Sa remise en cause concerne l'ensemble de l'économie. Ainsi lors de son
accession au pouvoir il aborde les grands thèmes que sont la
mentalité d'assistés de la population, la coupure entre la
société et le parti et surtout les défauts structurels de
l'économie. Il précise par la suite son propos en remettant en
cause plusieurs traits majeurs de l'économie soviétique
abordés dans la première partie du mémoire parmi lesquels
le développement extensif, le retard technologique, le gaspillage des
ressources, l'économie de pénurie et affirme leur rapport avec le
fonctionnement intrinsèque de l'économie planifiée ainsi
qu'avec le comportement des divers acteurs économiques, faisant
notamment référence au système de stimulation.
La démarche réformiste de Gorbatchev s'inscrit
donc dans la lignée d'initiatives passées tendant à
rénover le système soviétique mais la différence
majeure consiste dans le fait qu'il souhaite donner à l'économie
une direction qui ferait cohabiter plan et marché et mettre ainsi un
terme à un déclin amorcé depuis plusieurs décennies
(plutôt que d'apporter de légères modifications sans
changer le système dans son ensemble.) Depuis 1985, le mouvement de
réforme porte sur l'ensemble des domaines critiques de l'organisation
économique et s'articule autour de trois termes essentiels :
accélération (ouskoreni), publicité (glasnost) et
restructuration (perestroïka).
La perestroïka (restructuration, du titre de
l'ouvrage de M.Gorbatchev) est le nom donné à l'ensemble des
réformes devant concilier, à ses yeux, socialisme et
démocratie.
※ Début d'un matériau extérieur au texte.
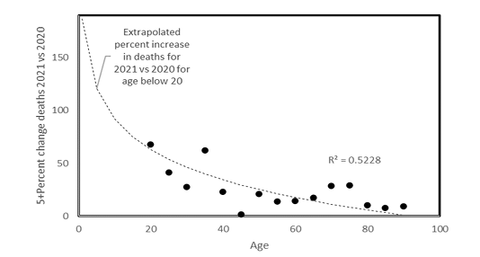 The relative increase in deaths for 2021 vs 2020 is highest for younger ages (Figure 2). Extrapolating to ages <20 (Figure 2), predicts increases in deaths for ages <20 that confirm the high vaccine-associated mortalities for the young observed in the VAERS data in Figure 1. Note that these are minimal values because such data are frequently updated up to 1 year after death.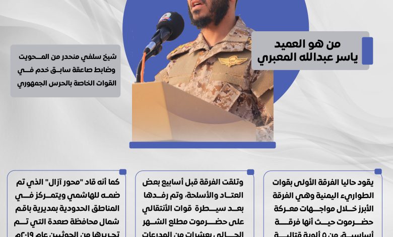 شيخ سلفي منحدر من المحويت، وضابط صاعقة سابق خدم في القوات الخاصة بالحرس الجمهوري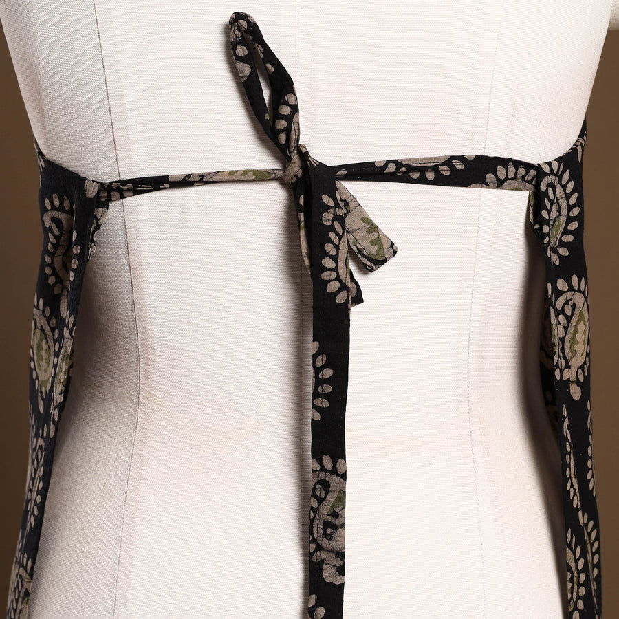 This black batik print cotton apron with pocket, crafted with traditional batik block printing, combines cultural artistry with everyday functionality. Adorned with batik prints, it features a convenient front pocket and adjustable straps for a comfortable fit. Perfect for cooking, baking, or grilling, this apron adds style and convenience to your kitchen essentials.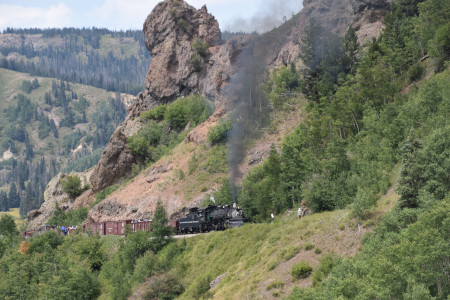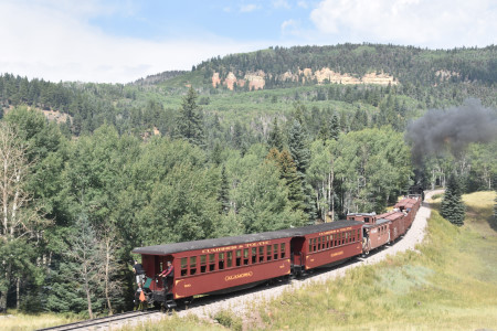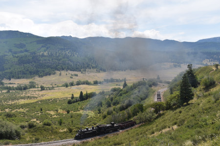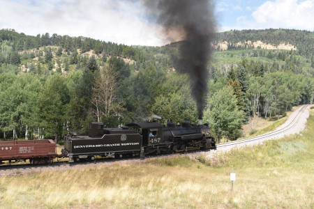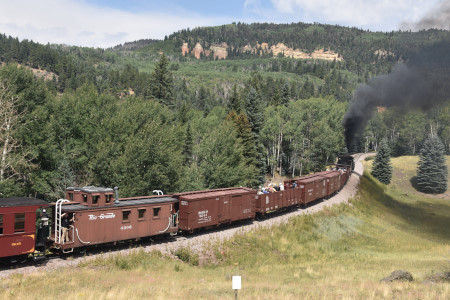 Passing Windy Point, Milepost 331.0, where the grade is up to four percent. Since the road and the tracks were no longer in close proximity, Josh and I, and most of the others, drove back to Chama. It was an uneventful rest of the day and I went to Subway for dinner then turned in early in preparation for tomorrow morning's start.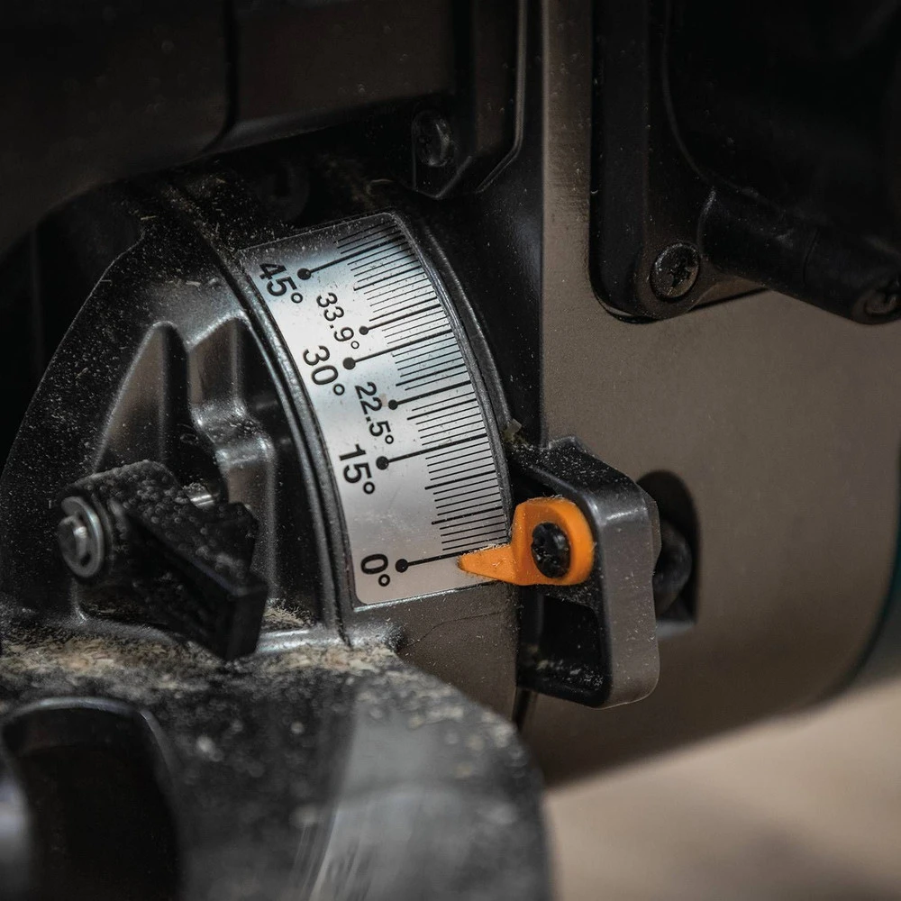 - Bevel angle lock and release dial at front of tool for easy access and repositioning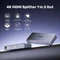 - UNITEK 4K HDMI Splitter giúp nhân đôi tín hiệu từ 1 cổng HDMI đầu vào ra 2 màn hình mà không làm suy giảm chất lượng hình ảnh hay âm thanh.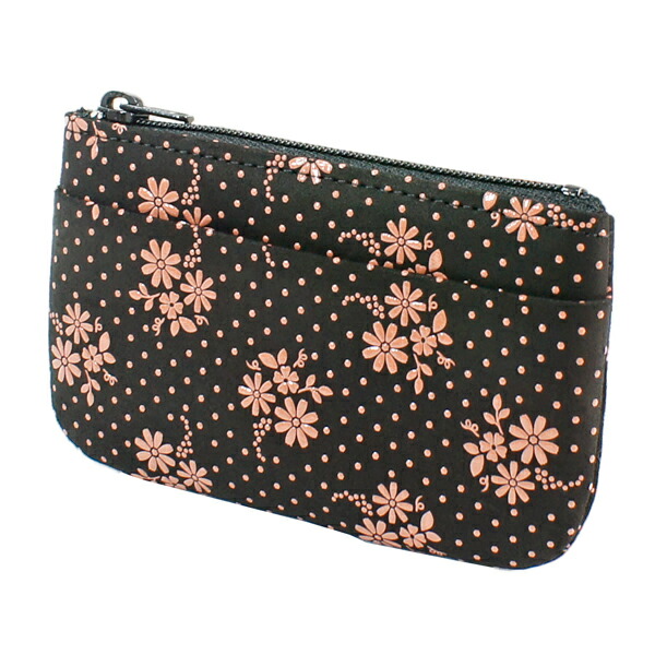 財布 小銭入れ 甲州印伝 印傳屋 上原勇七 1002 コスモス 秋桜 黒地×ピンク漆 鹿革 本革 レザー 花柄 ブランド 冬ギフト バレンタイン 贈り物 YM02

Concrètement, il s'agit sur le plan économique
de permettre une accélération (ouskoreni) de la croissance. Au
plan politique, il faut construire un Etat de Droit et faire en sorte
d'établir une séparation entre l'appareil d'Etat et le Parti. Le
but étant de se donner une légitimité pour réformer
le pays avec l'appui des masses. La glasnost répond à un souci de
rétablir un fonctionnement démocratique à un pays qui
s'était accommodé depuis des décennies à vivre sous
la domination d'un parti et privé de certaines libertés (de la
presse notamment). Il convient néanmoins de préciser que le but
de recherché dans ces réformes était de sauvegarder le
système en le réformant.
La particularité de la réforme de Gorbatchev
réside dans le fait qu'elle se veut radicale et s'attaque à
plusieurs composantes de la société soviétique. Les
réformes antérieures s'attaquaient à des problèmes
localisés du système économique et se heurtaient
fatalement à un manque de vision globale du problème. A
l'inverse, les réformes de Gorbatchev avaient le mérite de
s'attaquer en plus des problèmes économiques, aux
problèmes sociaux, administratifs, institutionnels et politiques. Ainsi
nous différencierons le volet économique du volet non
économique de sa réforme. (cf. réformes
périphériques)
Des réformes qui ont précédé, il
ressort que les gains d'efficacité ne pourraient être obtenus
durablement que par une réforme économique réelle
doublée d'une orientation des priorités vers la consommation. La
perestroïka et la glasnost devaient aider à sortir de la crise
grâce à une réforme qui, nous l'avons dit, déborde
le strict champ de l'économie.
Abel Aganbegyan, conseiller économique de Gorbatchev
justifie la réforme de la façon suivante : « La
perestroïka signifie une mutation profonde et engendre d'énormes
transformations qualitatives. La perestroïka est indispensable lorsque le
système économique ne répond plus aux nouvelles
conditions, à la maturité des besoins de la
société, aux problèmes de l'avenir. Il faut alors modifier
de manière radicale un tel système. Au cours d'une telle
opération, ce ne sont pas des parties ou des éléments
isolés qui sont touchés, mais le système économique
tout entier. Il faut restructurer la totalité de ses aspects et de ses
éléments pour obtenir une qualité nouvelle. Au fond, c'est
une forme révolutionnaire de changements qui se distingue ici de la
forme évolutive. Et le terme de refonte caractérise justement ces
transformations qualitatives révolutionnaires. Ce concept a plusieurs
aspects : il est synonyme de réforme radiale, reconstruction
profonde, mutation capitale, passage à une qualité nouvelle,
rupture. » Ce discours illustre ainsi de façon significative
la volonté de changer le cours de l'histoire.